Article 21 of the Constitution disproves of involuntary testimony irrespective
of the nature and degree of coercion, threats fraud or inducement used to elict
the evidence. The popular means of the terms such a ‘torture and cruel’,
‘inhuman or degrading’ treatment are associated with gory images of blood
letting and broken bones. A forcible invasion into a person’s mental process is
also an affront to human dignity and liberty often with grave and long and
lasting consequences. The international Conventions though not ratified by
Parliament are of persuasive value since they represent an involving
international consensus on the issue. – Convention Against Torture and other
Cruel, Inhuman or Degrading Treatment or Punishment (1984) – Regarding the
contention raised by the respondents that compelling interests demands such
techniques for investigation of crimes in future the Court held – It is the
function of the legislature to consider and make proper law on the issue. But
if such matter comes before the Court, the Court shall interpret the mandate of
the constitutional provisions available to the citizens and apply in their
favour. The Court laid down the following guidelines for these tests:
(1)
No Lie Detector Tests should be administered except on
the basis of consent of the accused. An option should be given to the accused
whether he wishes to avail such test.
(2)
If the accused volunteers for a Lie Detector Test, he
should be given access to a lawyer and physical, emotional and legal
implications of such a test should be explained to him by the police and his
lawyer.
(3)
The consent should be recorded by a Judicial
Magistrate.
(4)
During the hearing before the Magistrate, the person
alleged to have agreed should be duly represented by a lawyer.
(5)
At the hearing the person in question should also be
told in clear terms that the statement that if made shall not be a confidential
statement to the Magistrate but will have the statement made to the police.
(6)
The Magistrate shall consider all factors relating to
the detention including the length of detention and the nature of the
interrogation.
(7)
The actual recording the the Lie Detector shall be
done by an independent agency (such as a hospital) and conducted in the
presence of a lawyer.
(8)
A full medical and factual narration of the manner of
the information received must be taken on record.

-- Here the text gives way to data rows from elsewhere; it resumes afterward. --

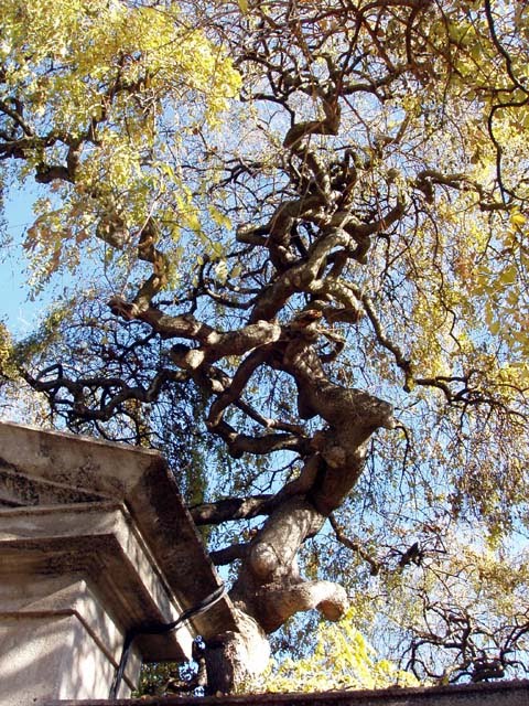 Este árbol tan flamenco aque asoma tras la tapia del jardín, en la Casita del Príncipe, en El Pardo, es una sofora llorona. Esta variedad de acacia tiene por nombre científico «Sofora japónica pendula». Pese al nombre no procede de Japón, , sino de China. Llegó a París en 1857 y luego pasó a España. Sus ramas, que reconocerás porque son las que aparecen en los dibujos y lacas de la antigua china, se retuercen como si bailasen sevillanas creando un efecto de gran belleza y mejor ritmo. Sus hojas caen como las del sauce, semejando lágrimas, por lo que se le llama llorona.
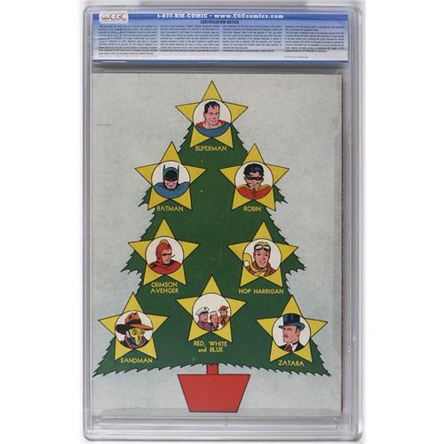 <B>World's Finest Comics #4 (DC, 1941) CGC FN 6.0 Off-white pages.</B></I> American skiing prowess is a bit of a sore subject in light of recent events in Turin, so watch how it's done <I>correctly</B></I> by Superman, Batman, and Robin, courtesy of cover artist Fred Ray! Those three are joined by many other superheroes in the issue, which also has the last appearance of crimefighting physician Young Dr. Davis. Overstreet 2006 FN 6.0 value = $789. CGC census 3/06: 3 in 6.0, 15 higher. <I>From the Collection of Harold Curtis.</B></I>
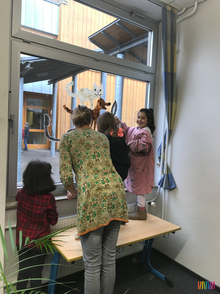 10.11.2017 - Mit Hilfe zahlreicher, sehr engagierter Eltern und Großeltern verwandelten unsere Selmikinder die Schule in eine bunte Märchenwelt. So schmücken die Bremer Stadtmusikanten, Schneewittchen, Rotkäppchen und viele andere Märchenwesen unsere Fenster und Türen. Ganz herzlichen Dank an alle Beteiligten für die farbenfrohen Ergebnisse!
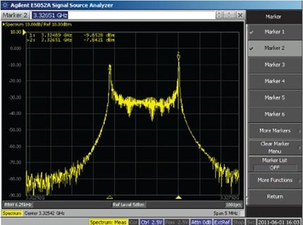 另一種方法:將低頻方波直流耦合至電源內(nèi),同時觀察VCO頻譜任一側(cè)上的頻移鍵控 (FSK)調(diào)制峰值(圖2)。峰值間頻率偏差除以方波幅度,便得出VCO推壓系數(shù)。該測量方法比靜態(tài)直流測試更精確,因為消除了與直流輸入電壓變化相關的任何熱效應。圖2顯示ADF4350 VCO輸出在3.3 GHz、對標稱3.3 V電源施加10 kHz、0.6 V p-p方波時的頻譜分析儀曲線圖。對于1.62 MHz/0.6 V或2.7 MHz/V的推壓系數(shù),最終偏差為3326.51 MHz – 3324.89 MHz = 1.62 MHz.該結(jié)果可與表1中的靜態(tài)測量 2.3 MHz/V比較。
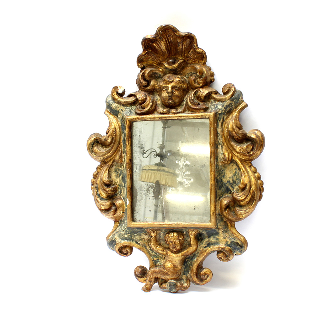 Antica specchiera di forma sagomata in legno laccato e dorato scolpito con putto, motivi vegetali e conchiglia (cm 60x42) (difetti)
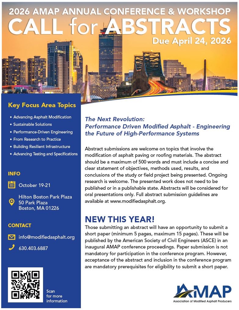 This conference will explore how advanced materials, polymer technologies, and performance-driven engineering are redefining the way we design, produce, and construct asphalt pavements and roofing systems. Through expert discussions, cutting-edge research, and industry collaboration, participants will examine how modified asphalt continues to strengthen pavement performance, improve sustainability, and enhance durability in both transportation infrastructure and roofing applications.

Article 20(3) is based on legal maxim “nemo teneteur prodre accussare seipsum”, which means “No man is obliged to be a witness against
himself.”
In India, Supreme Court has tried to
enlarge the interpretation of this section by allowing oral and documentary
evidence as well. This
prohibition cannot be applied in cases where ‘an object or document is searched
or seized from the possession of the accused.
This provision is not applied on
thumb-impression or specimen signature.
Features of Article 20(3)
1.
Protecton to
a Person accused of an offence
This Article gives the accused protection not only during
the trial in court or enquiry but from the time charge has been framed agist
him by any means like filing of FIR, complaint under Magitrate, formal
complaint etc. It can extend to other matters which are running simultaneously
in other courts for other offences even.
2. Compulsion
to be a witness is prevented’
Compulsion means duress (duress means
a physical act and cannot be a state of mind)
which also includes threatening, beating or imprisonating wife, parent
or children of person. Under duress most of human beings can be compelled to do
or say anything or even compelled to be a witness. This was appplied during the
case State(Delhi Administration) v. Jagjit Singh.
1.
Prevents
Compulsion resulting in giving evidence against oneself
Thumb impressions or specimen for writings or exposing body
for the purpose of identification an accused can be compelled to submit them
during investigation.
If the accused is voluntary
producing documentary evidence or oral statement which is incrimatory in nature
then this right will be waived off.
Most
democartic countires in world has right to remain silent and right to legal
counsel but there law varies from country to country.
For
example European countries have there own set of laws in accordance with EU
guidelines.
Right against Self-incrimination in other countries
U.S.A.
The fifth amendment of the U.S. Constitution
provides that- ‘No person shall be
compelled in any criminal case, to be a witness against himself’
This right is applicale on states by fourteenth
amendment.
The above privilege has been given a wide connotation
after being judicially interpreted in many cases. In both civil and criminal
proccedings these privileges against self-incrimination can be applied to
witnesses and parties. It covers oral and documentary evidence and extends to ‘all disclosures including answers which by
themselves support a criminal conviction or furnish a link in the chain of
evidence needed’ for a conviction.
Britain
As the country is following
common law, they have made this a basic principle that an accused person of an
offence can’t be compelled to discover documents or objects which can
incriminate him. Except few cases no witness, whether from party or stranger is
compelled to answer any question or produce document, which may lead to
exposing of witness or spouse of witness, to any criminal charge, penalty or
forfeiture. The objective behind this is to encourage common people to come
forward along with evidence in courts and to protect these people as much as
possible from injury or annoyance in the consequence.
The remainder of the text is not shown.